In a more modern take, the technique of forcing in set theory (which was used to show the independence of the axiom of choice) relies on a version of multivalued (even infinitely valued) logic.

Next, the whole point of paraconsistent logics is exactly that the 'explosion' phenomenon of classical logic (where one false statement implies everything), is avoided. i can give you some references if you are interested in looking at what this leads to, including some very interesting aspects of mathematics including how to deal with Russell's paradox.

From the bit of research I did on the topic of multi-valued logic, it seems it doesn't introduce any fundamentally new concept, it's just a different way of looking at the semantics of some logical propositions, which can be perfectly described using classical logic. You might have come across Suszko's thesis, it literally says than certain categories of multi-valued logic can be provided with bivalent semantics, that is, classical logic.

Interestingly, the idea of positing three or more truth values was motivated by contingent propositions such as; P: "It will rain tomorrow". Some logicians suggest assigning a new truth value to P: as-yet-undetermined. It's clear that this is a redundant way to interpret P, because P contains the label "tomorrow" by construction, and we know what tomorrow is, it's the next 24 hours. If, at some point of time within this interval, there is rainfall, then P is true, and vice versa. We just don't need a third truth value for that.

If you have a reference on some substantial result in mathematics that can't be proven using classical logic, then I am definitely interested. So far, I am convinced that anything beyond classical logic is based on some redundant (maybe clearer) description of logical statements.

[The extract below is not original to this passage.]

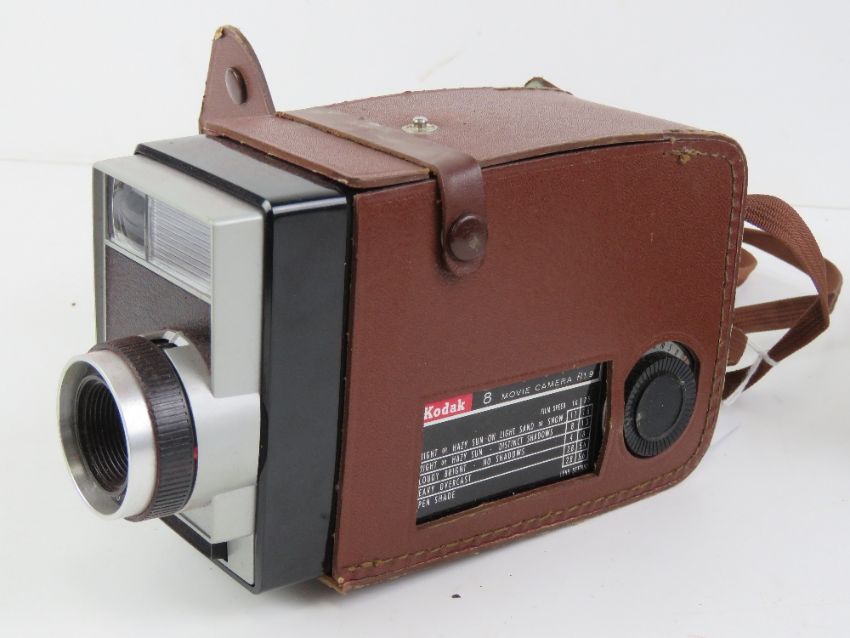 Two vintage cameras; Kodak 8 movie camera f/1.9, and a Kodak Six-20 'Brownie' E.
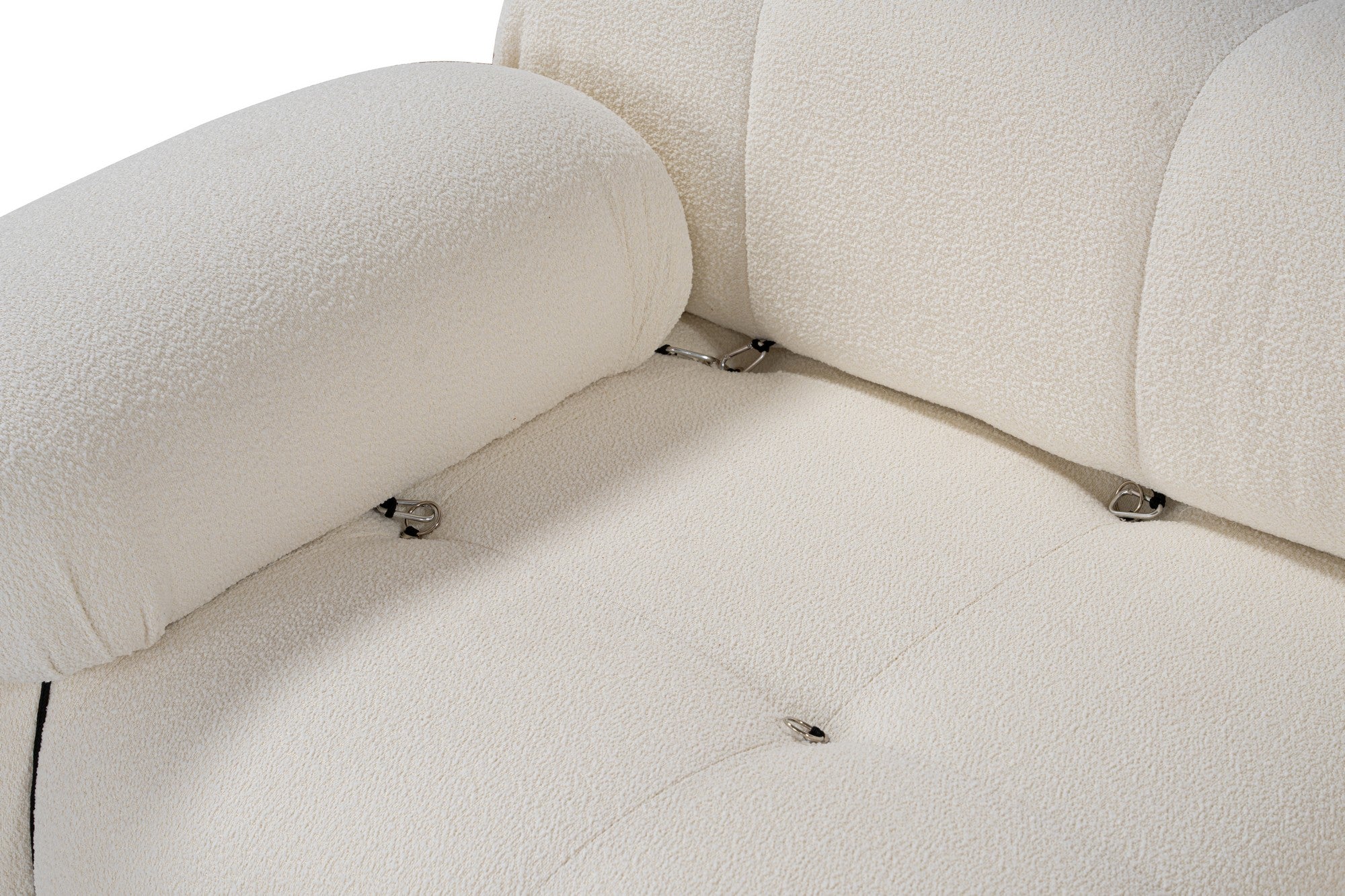 O sistema de sofá pode ser facilmente personalizado com outras unidades modulares para se adequar ao seu espaço e preferências de estilo. O tecido lavável a seco garante fácil manutenção e beleza duradoura. As pernas de plástico preto fosco adicionam um toque moderno à clássica cor creme, tornando-o uma peça versátil que complementa qualquer decoração.

Look up intuitionist mathematics some time. A great deal of math can be done without excluded middle. And, yes, like math without AC (which, by the way is NOT an axiom of logic, but of set theory), such mathematics tend to be stilted and lack beauty. But don't forget the paradoxes produced by AC (like the Banach-Tarski paradox).

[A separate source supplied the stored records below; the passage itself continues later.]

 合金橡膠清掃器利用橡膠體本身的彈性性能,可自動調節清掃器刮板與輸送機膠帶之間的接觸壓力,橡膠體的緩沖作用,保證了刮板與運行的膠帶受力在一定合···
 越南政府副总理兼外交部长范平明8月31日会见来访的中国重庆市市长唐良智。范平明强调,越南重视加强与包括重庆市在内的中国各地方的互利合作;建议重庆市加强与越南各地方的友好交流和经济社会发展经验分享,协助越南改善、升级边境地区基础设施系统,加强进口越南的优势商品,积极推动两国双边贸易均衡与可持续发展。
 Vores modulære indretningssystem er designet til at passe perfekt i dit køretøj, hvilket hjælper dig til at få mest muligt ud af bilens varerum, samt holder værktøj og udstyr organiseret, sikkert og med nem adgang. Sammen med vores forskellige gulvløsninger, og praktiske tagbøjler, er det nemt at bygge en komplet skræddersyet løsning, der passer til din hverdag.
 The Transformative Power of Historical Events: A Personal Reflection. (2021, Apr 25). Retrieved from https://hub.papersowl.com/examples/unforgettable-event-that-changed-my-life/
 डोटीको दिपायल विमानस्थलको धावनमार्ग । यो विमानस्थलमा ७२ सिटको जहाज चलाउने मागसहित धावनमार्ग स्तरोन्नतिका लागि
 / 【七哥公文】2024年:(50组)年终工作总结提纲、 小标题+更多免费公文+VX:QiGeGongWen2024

That said, some of the recent developments in set theory are based on looking at alternatives to AC and seeing how such alternatives apply to the more traditional math.

There are many more alternatives to the 'laws of thought' than you seem to think exist.

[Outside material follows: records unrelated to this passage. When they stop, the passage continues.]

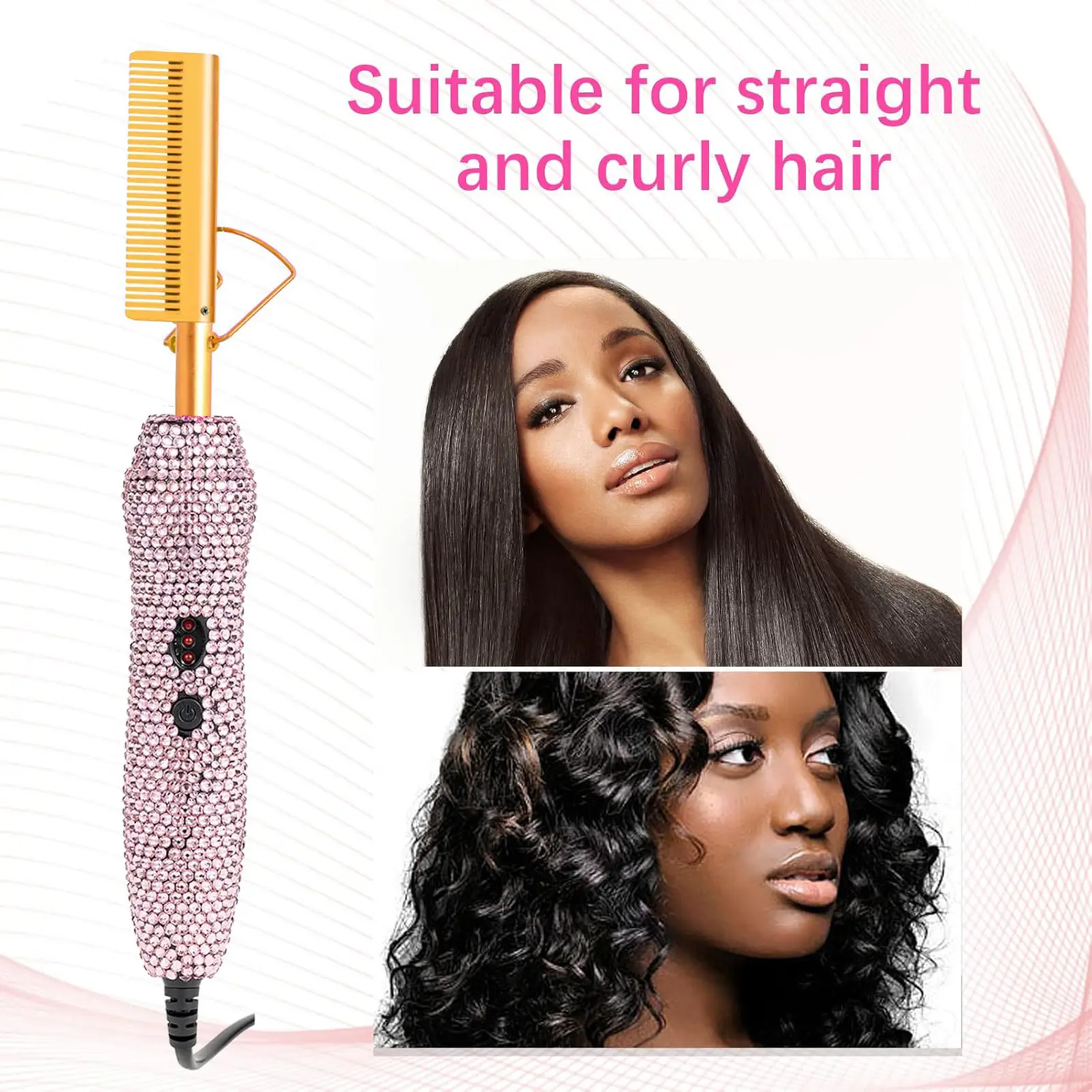 ·【Temperature Adjustable】The hair straightener has three levels of temperature adjustment: low/medium/high, the temperature can be between 430-450℉, you can choose the right temperature according to different hair quality. Hot comb electric for wigs fully meets the needs of your life!
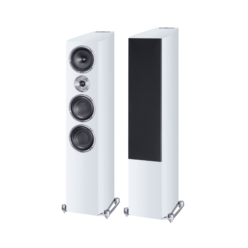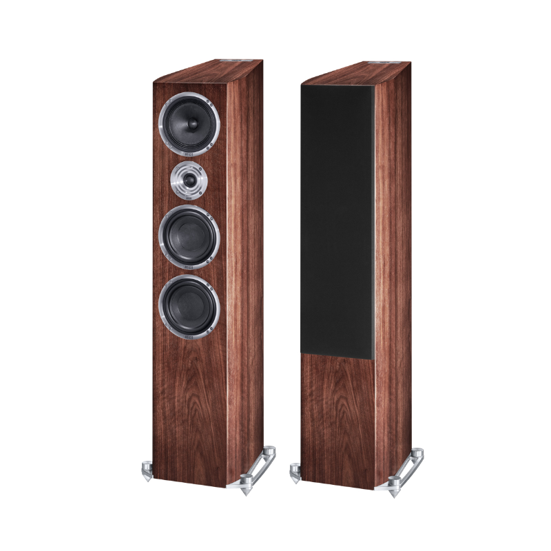 Un altavoz de suelo de gama alta exquisitamente coordinado con puntales de aluminio macizo y puntas de metal ajustables en altura. La distribución óptima del peso y el desacoplamiento acústico de la superficie de montaje garantizan una experiencia auditiva del más alto nivel. Todas las frecuencias por encima de aprox. 2.800 Hz son atendidas por el nuevo tweeter Fluktus con su cúpula PFC de 30 mm. El panel frontal de ondas múltiples optimizado por ordenador del tweeter garantiza unas propiedades de dispersión perfectas, incluso cuando se trata de secuencias de música y películas exigentes. Las frecuencias bajas y medias son atendidas por tres chasis de 170 mm, que alojan dos woofers y un driver de rango medio. Todos los chasis están equipados con el acreditado cono de papel kraft de HECO, que es conocido por sus características de sonido audiófilo y su alta estabilidad.
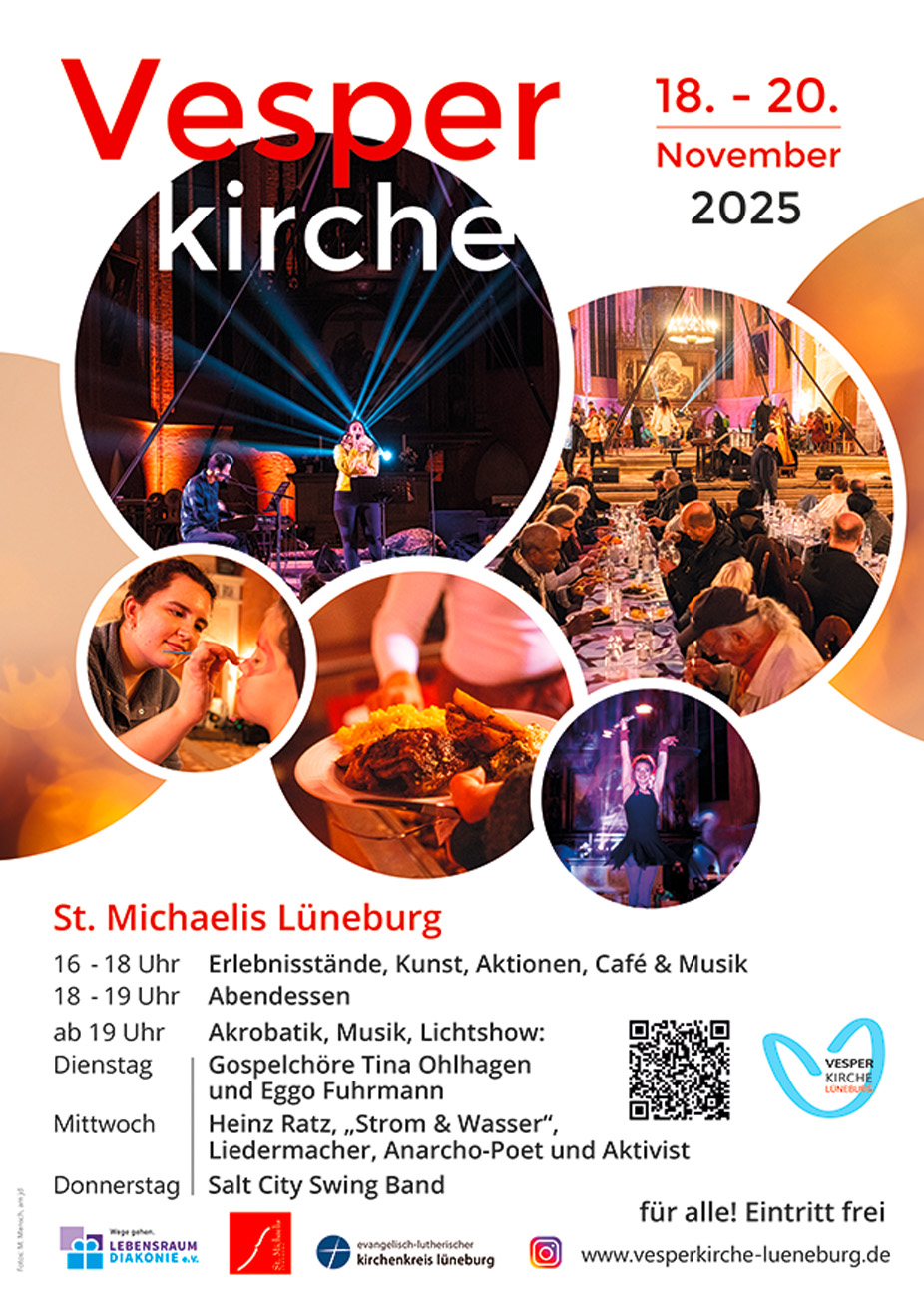 Von Dienstag, 18. bis Donnerstag, 20. November werden wieder hunderte Besucherinnen und Besucher in der Lüneburger Altstadtkirche St. Michaelis zum Vesperkirchen-Event erwartet. Zum fünften Mal finden die Aktionstage mit nachmittäglichen Angeboten, Bühnenprogramm und warmen Abendessen statt. „Die Angebote sind kostenfrei. Eingeladen zur Vesperkirche sind ausdrücklich alle, ob arm oder reich, jung oder alt“, macht das Organisationsteam von Diakonie und Kirche deutlich.

I agree. But the simple fact is, we will mostly be content with classical logic. Physicists don't look for alternatives to these laws of thought when they formulate their theories. This of course doesn't mean alternative axioms are useless, but I frankly don't see why we should go to such lengths when discussing short arguments with simples premises. 

In general, these laws of thoughts are the foundation of rational discourse. That is, one cannot have a meaningful argumentation if they start second-guessing the very building blocks of how one evaluates logical propositions. It's just an exercise in futility, or, as they say, mental masturbation.

Since classical logic is enough to properly formulate all modern theories of physics, including GR, QM and the Standard Model. It's safe to say classical logic is enough to describe reality, and so can be used when formulating premises in a posteriori arguments about metaphysical entities.

Well, as above, it is far from clear that the universe 'began to exist' in the sense you have give: was there a *point* when the universe did not exist and was it in fact in a causal chain?

if so, where did that causal chain begin?

But, more specifically, causality is something that happens *within* the universe and *within* time. And no, not every event is caused. It is clear that many events at the quantum level cannot be said to be caused in any classical sense.

Again, if you accept the causality principle, then a universe that began to exist has to be in a causal chain. The causality principle rules out an uncaused universe that began to exist.

You say, "causality is something that happens with the universe", and I will again ask you why? Why do you think that things outside of this spacetime can somehow spontaneously arise from nothing -in the philosophers' sense, not Krauss's, really nothing- ? Even Hume didn't go this far AFAIK.

Where is the contradiction? And no, thi sis NOT a difference between 'potential' and 'actual' infinities. I am talking about an *actual* infinite past. My example has an *actual* infinite past. Look at the set of *all* integers, both positive and negative. That is a countably infinite set and every element has infinitely many precursors. And yet, you still have 0 and 10 and -100.

I mean.. seriously ? An infinite set of numbers is the archetype a potential infinity, it's just a collection of stuff, that's it. In the real world of actual infinities, it's not just a collection of stuff, it's a causal chain of stuff, where each element in this chain is a necessary condition for the existence of the next element. In a set of numbers, 1 didn't cause 2, nor did 9 cause 10. 

And regarding an infinite past, saying that any wait between two events is finite doesn't solve the problem, we're not discussing two events, we're discussing the entire duration of time that needs to elapse for us to get to the present moment, an infinite past doesn't have a lower bound, so a universe with an infinite past actually went through an infinite wait -impossible.